• Work task
Word for word, give the data again without its pictures.

=== Input data ===

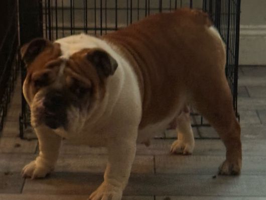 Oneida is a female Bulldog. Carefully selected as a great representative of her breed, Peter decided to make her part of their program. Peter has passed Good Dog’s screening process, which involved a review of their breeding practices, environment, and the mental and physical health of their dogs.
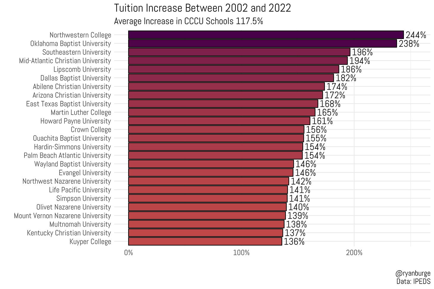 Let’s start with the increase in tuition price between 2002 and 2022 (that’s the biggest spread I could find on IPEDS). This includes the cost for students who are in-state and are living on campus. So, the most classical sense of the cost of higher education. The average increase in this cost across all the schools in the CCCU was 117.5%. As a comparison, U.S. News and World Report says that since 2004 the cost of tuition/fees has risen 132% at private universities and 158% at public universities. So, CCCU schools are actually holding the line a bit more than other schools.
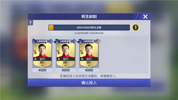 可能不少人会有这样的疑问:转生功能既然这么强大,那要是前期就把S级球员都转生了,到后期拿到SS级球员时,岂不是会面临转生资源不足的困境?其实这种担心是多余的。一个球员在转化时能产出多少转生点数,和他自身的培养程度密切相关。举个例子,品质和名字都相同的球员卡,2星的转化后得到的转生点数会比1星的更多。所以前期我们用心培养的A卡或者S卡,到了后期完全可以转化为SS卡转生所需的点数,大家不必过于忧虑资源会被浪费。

===

• Output for this task
 Oneida is a female Bulldog. Carefully selected as a great representative of her breed, Peter decided to make her part of their program. Peter has passed Good Dog’s screening process, which involved a review of their breeding practices, environment, and the mental and physical health of their dogs.
 Let’s start with the increase in tuition price between 2002 and 2022 (that’s the biggest spread I could find on IPEDS). This includes the cost for students who are in-state and are living on campus. So, the most classical sense of the cost of higher education. The average increase in this cost across all the schools in the CCCU was 117.5%. As a comparison, U.S. News and World Report says that since 2004 the cost of tuition/fees has risen 132% at private universities and 158% at public universities. So, CCCU schools are actually holding the line a bit more than other schools.
 可能不少人会有这样的疑问:转生功能既然这么强大,那要是前期就把S级球员都转生了,到后期拿到SS级球员时,岂不是会面临转生资源不足的困境?其实这种担心是多余的。一个球员在转化时能产出多少转生点数,和他自身的培养程度密切相关。举个例子,品质和名字都相同的球员卡,2星的转化后得到的转生点数会比1星的更多。所以前期我们用心培养的A卡或者S卡,到了后期完全可以转化为SS卡转生所需的点数,大家不必过于忧虑资源会被浪费。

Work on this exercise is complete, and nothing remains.